A Nidhi Company is prohibited from carrying out the following activities:

  • The company is not permitted from opening a current account with its members.
  • No Nidhi company can acquire any company by purchasing securities or by taking control of the Board of directors.
  • A Nidhi company cannot enter into any arrangement for changing its management unless the special resolution is passed and approval from regional director has been obtained.
  • A Nidhi company cannot accept a body corporate or any trust as a member of the company.
  • The company is exempted from carrying on the business of Chit Fund, leasing and finance, insurance and acquisition of securities that are issued by a body corporate.
  • Enter into a partnership agreement that is in borrowing or lending
  • Accept deposits or lend to any person other than its members.

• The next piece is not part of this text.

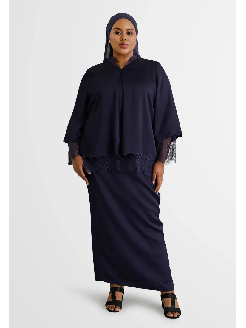 Nurita Harith x Mis Claire Anisah Lace Trimming Baju Kurung Navy Blue
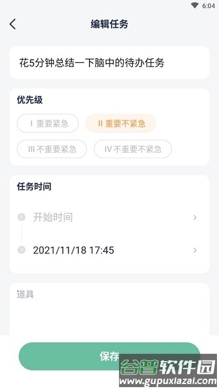 4、在第一栏花费5分钟整理闹钟待办事项,可设置优先级、任务时间、专注时长及休息间隔。

Advantages of Nidhi Company

Every company type that is incorporated has its advantages and disadvantages. Following are some of the advantages of registering a Nidhi Company in India.

Loans and Nidhi Company

Nidhi company can provide loan facility to its members only. The said restriction has been imposed on providing loans against the mentioned securities only; the securities include gold, Jewellery, silver and immovable property. The repayment of loan has to be made within 1 year of taking the loan.

Rate of Interest

The rate of interest for such loans cannot exceed 7.5%  for all the classes of loans. The rate of interest for every class of loans should be appropriately displayed on the notice board of the company (Registered office and Brach of Nidhi Company).

Encourages Thrift Saving

Nidhi companies function based on the principle of savings and lending among the member of the company. The company was introduced to see that the lower middle class is saved from the clutches of money lenders. The company follows the principle of mutual benefit.

Disadvantages

Limitation on Fund Raising

Nidhi companies are limited to accept deposits from its members only, and hence the funds raised are limited on the number of members only.

Credit Availability

The limited funds that are raised by the members restrict the lending capacity of the Nidhi companies. As the funds are limited the credit given to member is also limited.

Dual vigilance

Even though Nidhi companies are not governed by RBI, i.e. they don't have to complete any of the compliances to be done for RBI; still, the deposit accepting activities are governed by the RBI as well as the central government of India.

Conclusion

Nidhi companies are outside the purview of RBI even if they are NBFC's. The norms have been reviewed, and the government is going to make legislative changes to make Nidhi company regulation stricter. These changes are going to define the lending capacity of the companies.